→ **THE PROBLEM**
Your task is to reproduce, verbatim and without pictures, the lines from the opening of the listing through the line containing "7月2日,在湖南省湘西土家族".

→ **MATERIAL TO PROCESS**
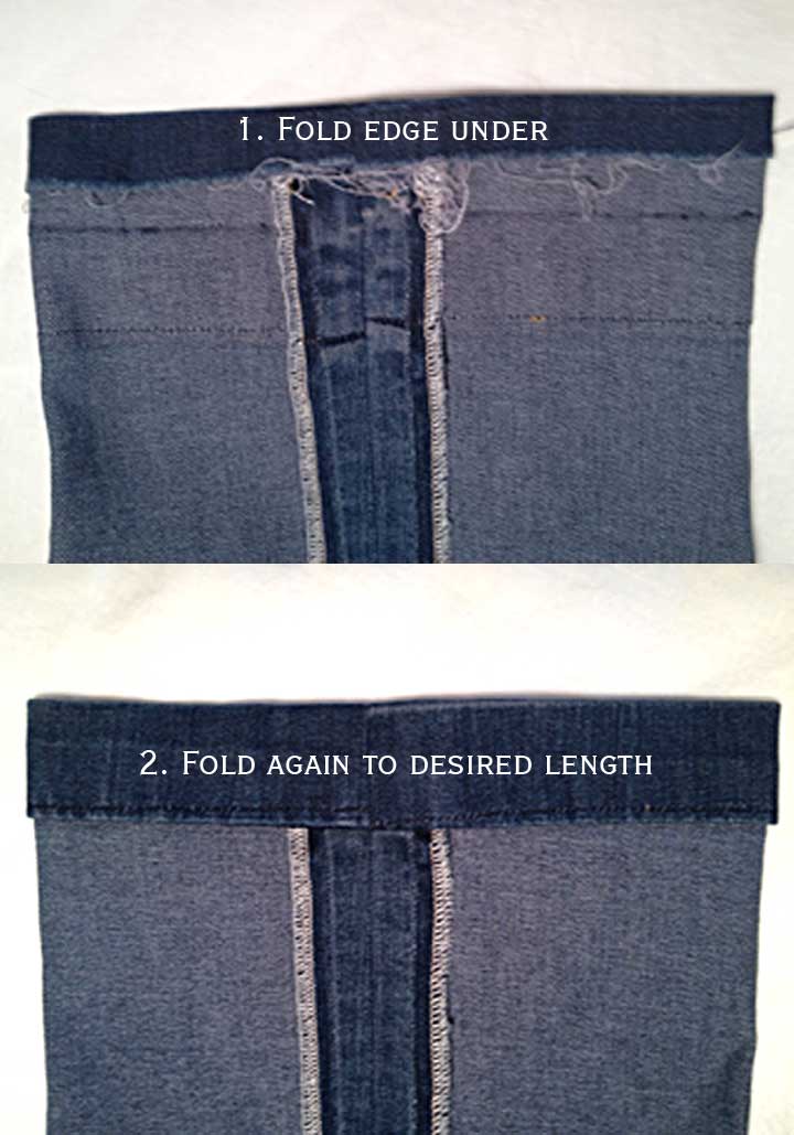 Another hem tip: If your denim is too heavy for your sewing machine to easily sew through 3 layers (in the typical jeans hem), try this: trim off the part that was turned under on the original hem, usually about 1/2″; serge (or zigzag-stitch) the new raw edge, fold and press the hemline in place, then stitch. This way, you’re only sewing through 2 layers of denim.
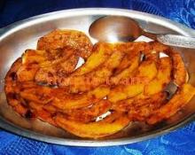 Per 4 persone: 1kg. di zucca tagliata a bastoncini spessi 1 cm., 8 pomodorini, 2 fettine di cipolla, 1 lit di olio di semi di arachidi, un pizzico di paprika, di pepe macinato e di noce moscata, peperoncino e sale q.b.
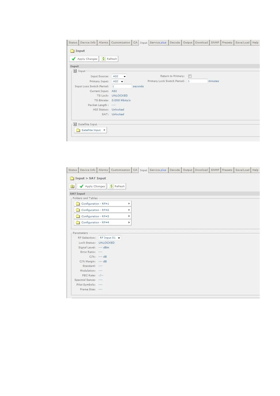 Figure 12 Input Web Page (Satellite Input Card fitted)
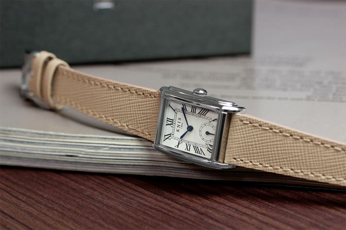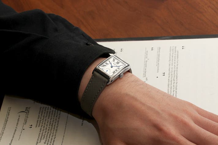 スモールセコンドはヴィンテージウォッチでよく見られる意匠。レクタンギュラーに配されると、文字盤の表情を豊かにし、一層の上品さと知的さを演出します。
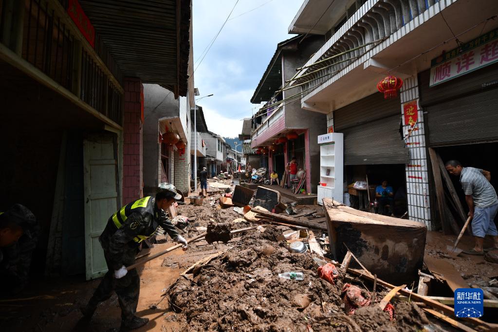 7月2日,在湖南省湘西土家族苗族自治州古丈县岩头寨镇草潭村,当地应急民兵协助村民清理淤泥和垃圾。
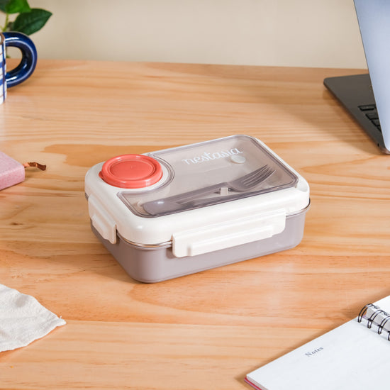 The lunch box ensures a pleasurable lunchtime experience, thanks to its high-quality features. Food-safe, BPA-free materials of the tiffin box put your health and safety first, while the 304-grade stainless steel guarantees top-notch quality. With effective water insulation, keep your meals wonderfully heated inside this lunch box. The three distinct compartments help you organise your food, while the clip locks on all four sides help you keep your food secure. The compact bowl with lid adds adaptability while the detachable silicone gasket ensures easy cleaning. With its compact yet sturdy design, you can travel light. Enjoy every mouthful by elevating your lunchtime with this gorgeous lunch box.
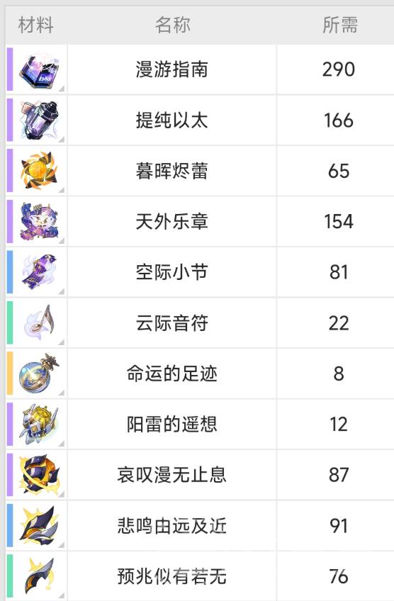 角色升级消耗材料,升到满级一定需要290本指南,65个烬蕾,15个哀叹止息,15个悲鸣,15个预兆,同时还需要88.8万的信用点数。行迹养成消耗部分,需要139个天外乐章、69空际小节、18云际音符、8命运的足迹、12阳雷的遥想、58个哀叹、56个悲鸣、41个预兆,还有300万信用点。

→ **TASK OUTPUT**
 Another hem tip: If your denim is too heavy for your sewing machine to easily sew through 3 layers (in the typical jeans hem), try this: trim off the part that was turned under on the original hem, usually about 1/2″; serge (or zigzag-stitch) the new raw edge, fold and press the hemline in place, then stitch. This way, you’re only sewing through 2 layers of denim.
 Per 4 persone: 1kg. di zucca tagliata a bastoncini spessi 1 cm., 8 pomodorini, 2 fettine di cipolla, 1 lit di olio di semi di arachidi, un pizzico di paprika, di pepe macinato e di noce moscata, peperoncino e sale q.b.
 Figure 12 Input Web Page (Satellite Input Card fitted)
 スモールセコンドはヴィンテージウォッチでよく見られる意匠。レクタンギュラーに配されると、文字盤の表情を豊かにし、一層の上品さと知的さを演出します。
 7月2日,在湖南省湘西土家族苗族自治州古丈县岩头寨镇草潭村,当地应急民兵协助村民清理淤泥和垃圾。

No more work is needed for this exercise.